There are three kinds of statistics:
- Table statistics (number of rows in the table, average row size)
- Index cardinality (how distinct values are in the index)
- records-in-range estimates (how many rows are in a certain range "const1 < tbl.key < const2".
How MyRocks computes statistics
MyRocks (actually RocksDB) uses LSM files which are written once and never updated. When an LSM file is written, MyRocks will compute index cardinalities and number-of-rows for the data in the file. (The file generally has rows, index records and/or tombstones for multiple tables/indexes).
For performance reasons, statistics are computed based on a fraction of rows in the LSM file. The percentage of rows used is controlled by @@rocksdb_table_stats_sampling_pct
, the default value is 10%.
Before the data is dumped into LSM file, it is stored in the MemTable. MemTable doesn't allow to compute index cardinalities, but it can provide an approximate number of rows in the table. Use of MemTable data for statistics is controlled by @@rocksdb_force_compute_memtable_stats
, the default value is ON
.
Is index statistics predictable
Those who create/run MTR tests, need to know whether EXPLAIN output is deterministic. For MyRocks tables, the answer is NO (just like for InnoDB).
Statistics are computed using sampling and GetApproximateMemTableStats() which means that #rows column in EXPLAIN output may vary slightly.
Records-in-range estimates
MyRocks uses RocksDB's GetApproximateSizes() call to produce an estimate for the number of rows in the certain range. The data in MemTable is also taken into account by issuing a GetApproximateMemTableStats call.
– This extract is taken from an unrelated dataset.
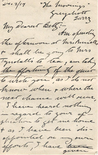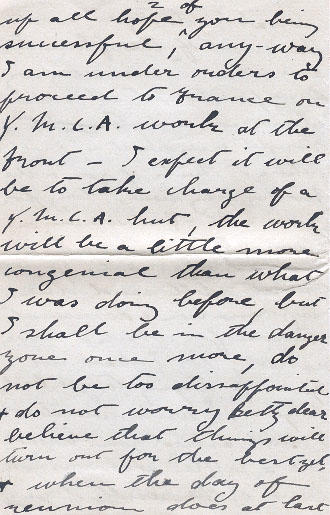 I have heard nothing in regard to your application to get me home & as I have been disappointed on my own efforts, I have given up all hope of your being successful, any-way I am under order to proceed to France on Y.M.C.A. work at the Ffront - I expect it will be to take charge of a Y.M.C.A but, the work will be a little more congenial than what I was doing before, but I shall be in the danger zone once more, do not be in too disappointed & do not worry Betty dear believe that things will turn out for the best yet, & when the day of reunion does at last come our joy will be the greater. I leave Bramshott on Tuesday Dec 4th /17 for Shorncliffe & from there I shall go to France - I do not know as yet what part of the line I shall be in, but I will endeavour to write as often as possible & keep you posted as to my where-about

Debugging helper variables
There are a few variables that will cause MyRocks to report certain pre-defined estimate numbers to the optimizer:
- @@ocksdb_records_in_range - if not 0, report that any range has this many rows
- @@rocksdb_force_index_records_in_range - if not 0, and FORCE INDEX hint is used, report that any range has this many rows.
- @@rocksdb_debug_optimizer_n_rows - if not 0, report that any MyRocks table has this many rows.